Problem details: Please take the records that follow and repeat exactly the lines starting with the line with "Oldham County residential" and going on through the line with "Zebra crossing on Hampstead High Street".

Excerpts from a dataset
□ □ □ □
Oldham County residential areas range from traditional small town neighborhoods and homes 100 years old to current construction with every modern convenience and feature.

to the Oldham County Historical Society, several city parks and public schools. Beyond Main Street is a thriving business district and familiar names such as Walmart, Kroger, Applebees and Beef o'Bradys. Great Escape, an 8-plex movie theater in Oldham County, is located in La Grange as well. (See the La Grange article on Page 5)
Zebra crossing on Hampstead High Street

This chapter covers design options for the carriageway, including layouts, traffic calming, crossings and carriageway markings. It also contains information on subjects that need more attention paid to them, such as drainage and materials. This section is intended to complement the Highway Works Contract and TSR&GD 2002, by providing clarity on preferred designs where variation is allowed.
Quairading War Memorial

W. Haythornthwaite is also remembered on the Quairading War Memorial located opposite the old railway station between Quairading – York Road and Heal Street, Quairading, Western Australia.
□ □ □ □
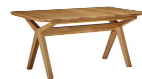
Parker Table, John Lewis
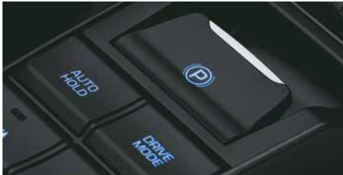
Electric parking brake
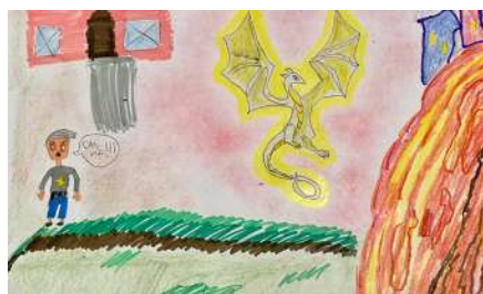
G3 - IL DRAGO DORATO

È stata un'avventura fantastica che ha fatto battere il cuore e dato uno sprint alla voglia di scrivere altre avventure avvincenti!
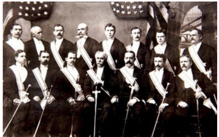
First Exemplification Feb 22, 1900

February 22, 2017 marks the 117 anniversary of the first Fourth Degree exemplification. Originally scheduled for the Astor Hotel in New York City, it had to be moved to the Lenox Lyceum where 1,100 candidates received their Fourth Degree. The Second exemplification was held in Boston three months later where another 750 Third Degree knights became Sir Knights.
□ □ □ □
Result for this exercise:
Oldham County residential areas range from traditional small town neighborhoods and homes 100 years old to current construction with every modern convenience and feature.

to the Oldham County Historical Society, several city parks and public schools. Beyond Main Street is a thriving business district and familiar names such as Walmart, Kroger, Applebees and Beef o'Bradys. Great Escape, an 8-plex movie theater in Oldham County, is located in La Grange as well. (See the La Grange article on Page 5)
Zebra crossing on Hampstead High Street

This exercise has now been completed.